◆ **What needs to be done**:
Please print exactly the lines from the one containing "农业农村部委托捐赠仪式" through the last line of the records, and only those. Leave out any pictures.

◆ **Input**:
BEGIN

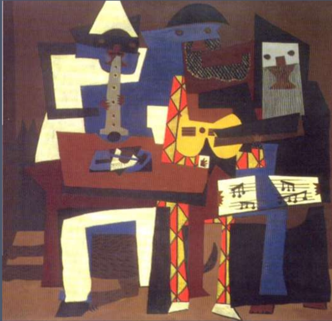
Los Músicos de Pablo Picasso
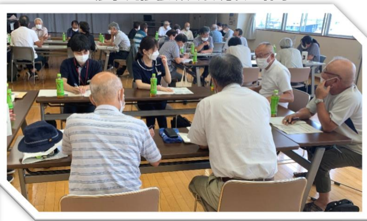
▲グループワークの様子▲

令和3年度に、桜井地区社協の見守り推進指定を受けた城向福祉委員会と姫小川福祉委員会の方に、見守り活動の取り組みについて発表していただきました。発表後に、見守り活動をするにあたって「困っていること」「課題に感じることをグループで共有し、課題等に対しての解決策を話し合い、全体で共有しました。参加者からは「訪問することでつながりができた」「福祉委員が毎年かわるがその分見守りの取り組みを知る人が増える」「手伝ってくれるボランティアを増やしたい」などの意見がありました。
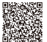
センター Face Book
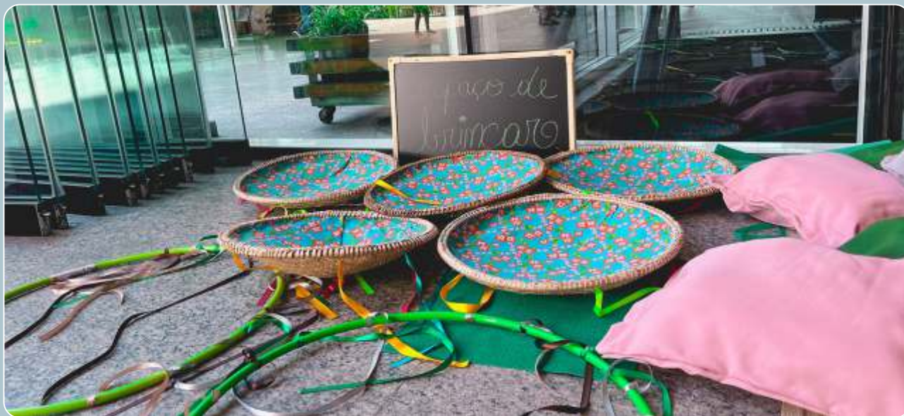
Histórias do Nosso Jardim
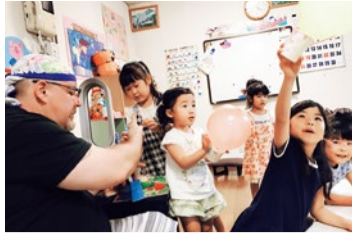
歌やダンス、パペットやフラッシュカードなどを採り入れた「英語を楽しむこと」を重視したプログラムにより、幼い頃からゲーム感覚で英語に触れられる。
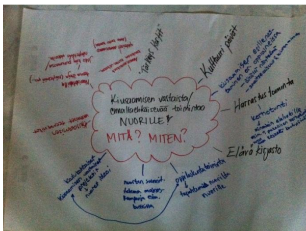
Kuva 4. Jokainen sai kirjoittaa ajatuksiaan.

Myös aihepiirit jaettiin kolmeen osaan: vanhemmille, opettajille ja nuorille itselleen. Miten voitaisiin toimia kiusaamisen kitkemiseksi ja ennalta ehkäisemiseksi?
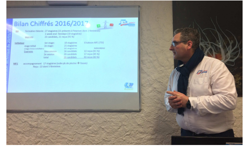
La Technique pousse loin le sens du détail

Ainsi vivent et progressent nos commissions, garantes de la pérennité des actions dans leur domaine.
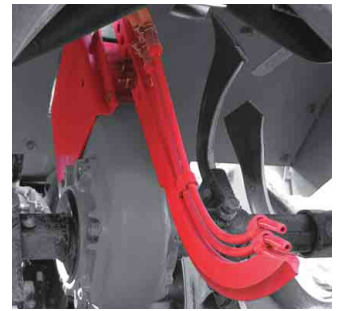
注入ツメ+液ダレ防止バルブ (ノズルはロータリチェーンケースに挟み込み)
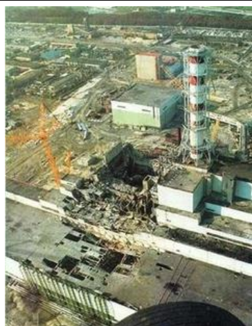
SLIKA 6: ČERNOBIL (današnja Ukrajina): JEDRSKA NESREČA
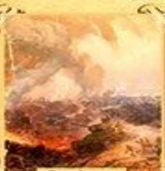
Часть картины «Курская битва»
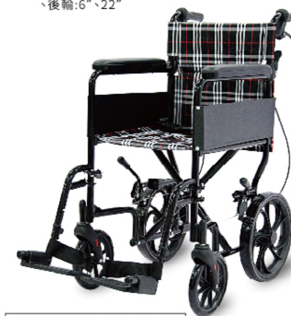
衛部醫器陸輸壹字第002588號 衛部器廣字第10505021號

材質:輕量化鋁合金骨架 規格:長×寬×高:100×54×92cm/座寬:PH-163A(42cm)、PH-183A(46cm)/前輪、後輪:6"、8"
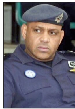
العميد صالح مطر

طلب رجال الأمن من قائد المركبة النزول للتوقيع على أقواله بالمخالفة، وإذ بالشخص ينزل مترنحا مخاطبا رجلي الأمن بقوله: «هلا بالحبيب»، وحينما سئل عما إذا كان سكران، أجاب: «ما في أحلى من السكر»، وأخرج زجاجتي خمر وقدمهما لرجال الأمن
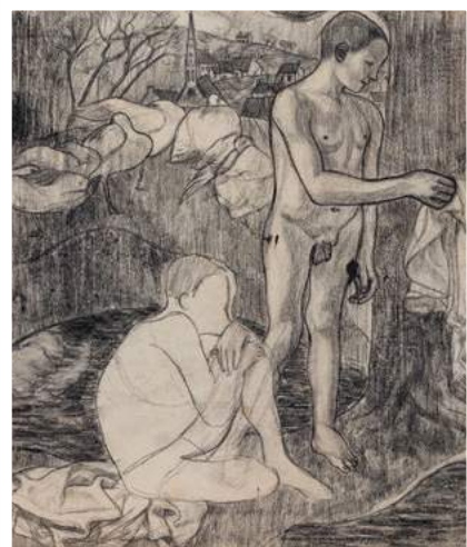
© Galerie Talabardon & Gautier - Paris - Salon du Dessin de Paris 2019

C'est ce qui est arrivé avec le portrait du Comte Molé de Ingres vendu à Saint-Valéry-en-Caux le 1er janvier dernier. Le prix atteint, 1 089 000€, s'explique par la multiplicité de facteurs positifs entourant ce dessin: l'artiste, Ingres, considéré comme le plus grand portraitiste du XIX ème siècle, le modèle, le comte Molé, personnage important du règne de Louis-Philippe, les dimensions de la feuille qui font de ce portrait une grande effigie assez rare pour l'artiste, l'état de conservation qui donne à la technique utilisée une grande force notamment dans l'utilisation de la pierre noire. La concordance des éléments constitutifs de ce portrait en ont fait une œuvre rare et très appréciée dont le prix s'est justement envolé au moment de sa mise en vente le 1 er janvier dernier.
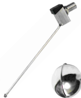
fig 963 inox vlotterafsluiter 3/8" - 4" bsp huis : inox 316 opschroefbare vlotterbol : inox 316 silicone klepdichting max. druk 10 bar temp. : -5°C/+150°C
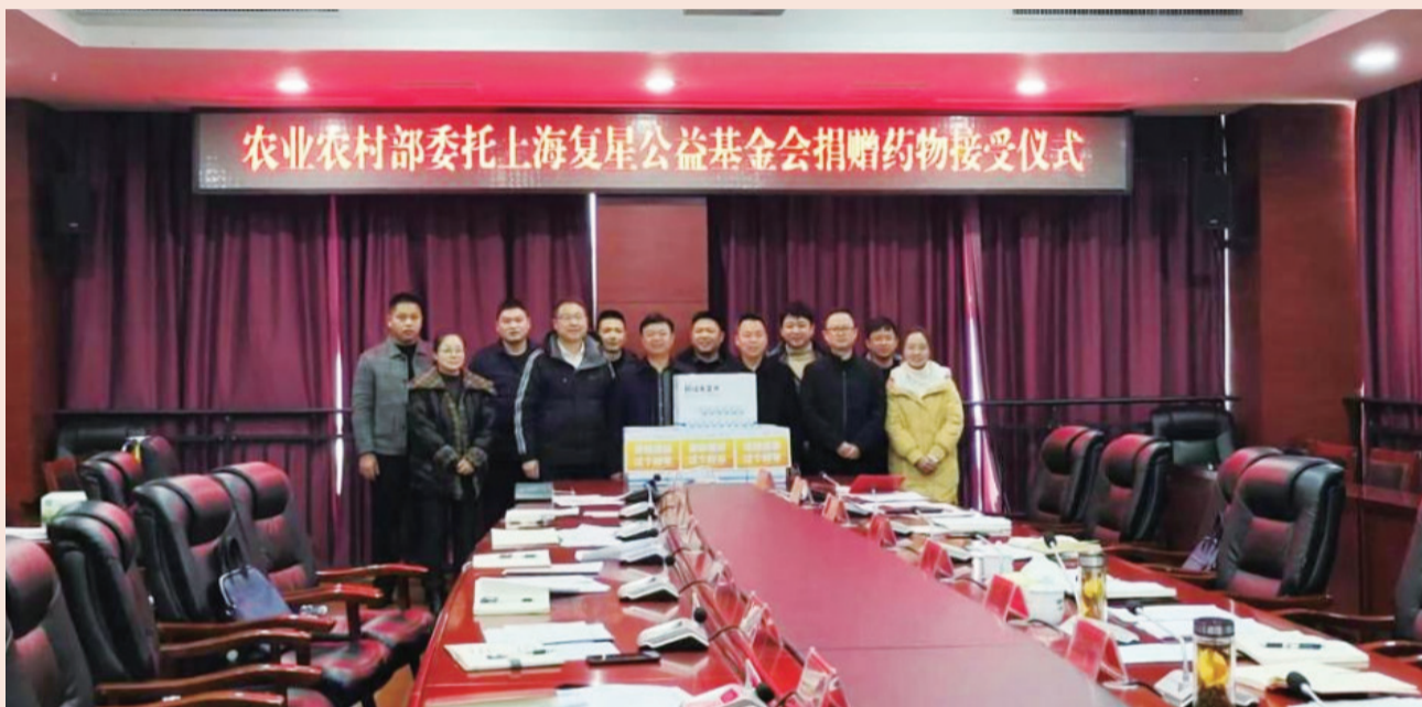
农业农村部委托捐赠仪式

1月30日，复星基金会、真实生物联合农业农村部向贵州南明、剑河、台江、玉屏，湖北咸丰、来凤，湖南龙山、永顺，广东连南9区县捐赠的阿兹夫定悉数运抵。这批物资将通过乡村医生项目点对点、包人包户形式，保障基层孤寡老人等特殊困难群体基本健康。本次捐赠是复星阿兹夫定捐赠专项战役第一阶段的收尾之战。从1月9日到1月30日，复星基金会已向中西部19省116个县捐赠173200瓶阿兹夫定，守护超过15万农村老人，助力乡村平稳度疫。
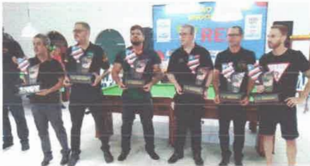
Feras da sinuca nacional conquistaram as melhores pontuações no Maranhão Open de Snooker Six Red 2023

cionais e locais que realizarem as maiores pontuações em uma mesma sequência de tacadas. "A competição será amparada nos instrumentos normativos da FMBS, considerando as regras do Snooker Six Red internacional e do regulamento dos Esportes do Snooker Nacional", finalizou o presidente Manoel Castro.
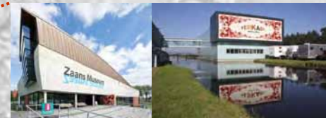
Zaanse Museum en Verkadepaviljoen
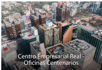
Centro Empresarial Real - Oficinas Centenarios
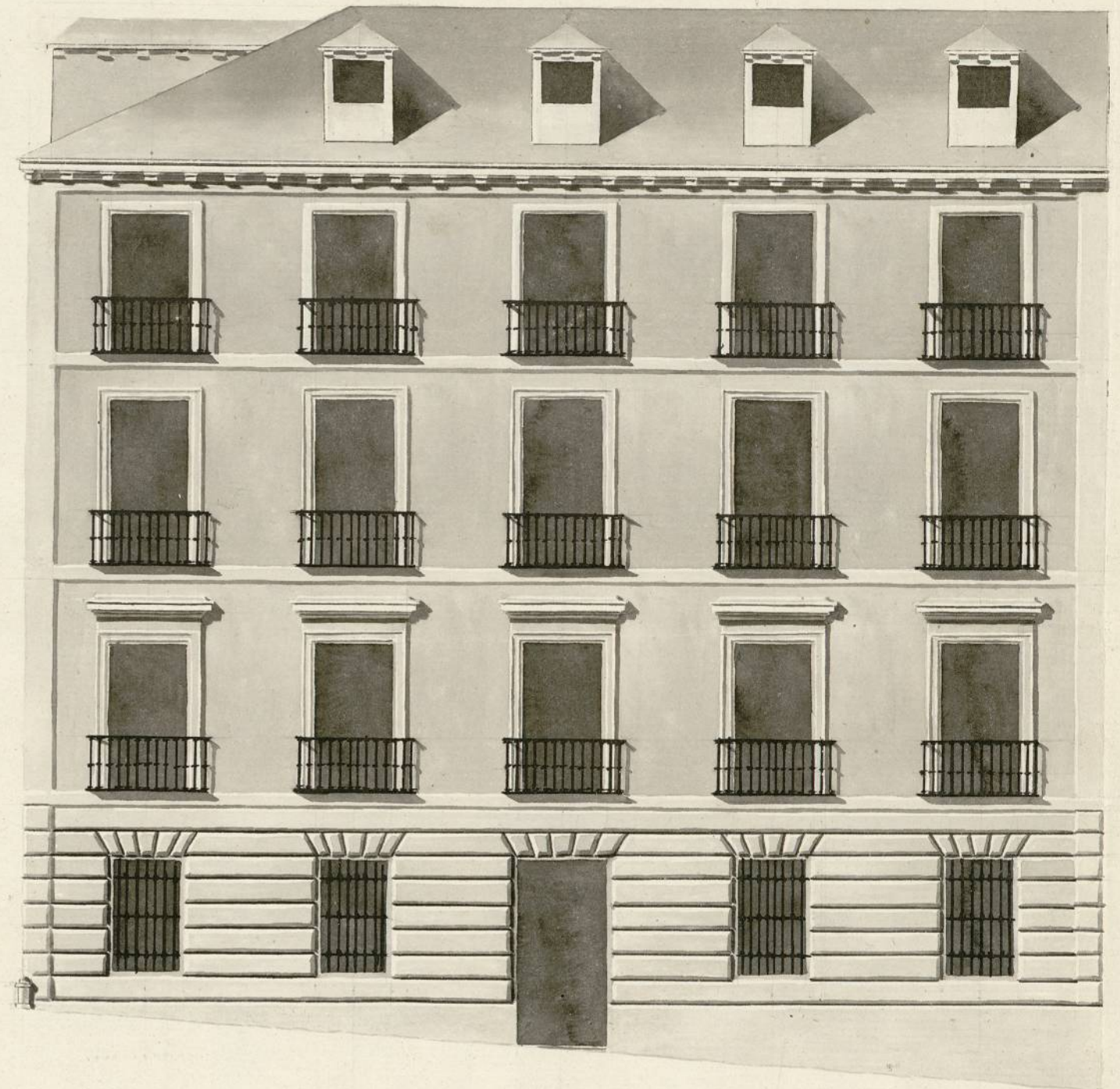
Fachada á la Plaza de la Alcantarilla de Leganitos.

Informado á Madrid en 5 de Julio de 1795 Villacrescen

END

◆ **Result**:
农业农村部委托捐赠仪式

1月30日，复星基金会、真实生物联合农业农村部向贵州南明、剑河、台江、玉屏，湖北咸丰、来凤，湖南龙山、永顺，广东连南9区县捐赠的阿兹夫定悉数运抵。这批物资将通过乡村医生项目点对点、包人包户形式，保障基层孤寡老人等特殊困难群体基本健康。本次捐赠是复星阿兹夫定捐赠专项战役第一阶段的收尾之战。从1月9日到1月30日，复星基金会已向中西部19省116个县捐赠173200瓶阿兹夫定，守护超过15万农村老人，助力乡村平稳度疫。
Feras da sinuca nacional conquistaram as melhores pontuações no Maranhão Open de Snooker Six Red 2023

cionais e locais que realizarem as maiores pontuações em uma mesma sequência de tacadas. "A competição será amparada nos instrumentos normativos da FMBS, considerando as regras do Snooker Six Red internacional e do regulamento dos Esportes do Snooker Nacional", finalizou o presidente Manoel Castro.
Zaanse Museum en Verkadepaviljoen
Centro Empresarial Real - Oficinas Centenarios
Fachada á la Plaza de la Alcantarilla de Leganitos.

Informado á Madrid en 5 de Julio de 1795 Villacrescen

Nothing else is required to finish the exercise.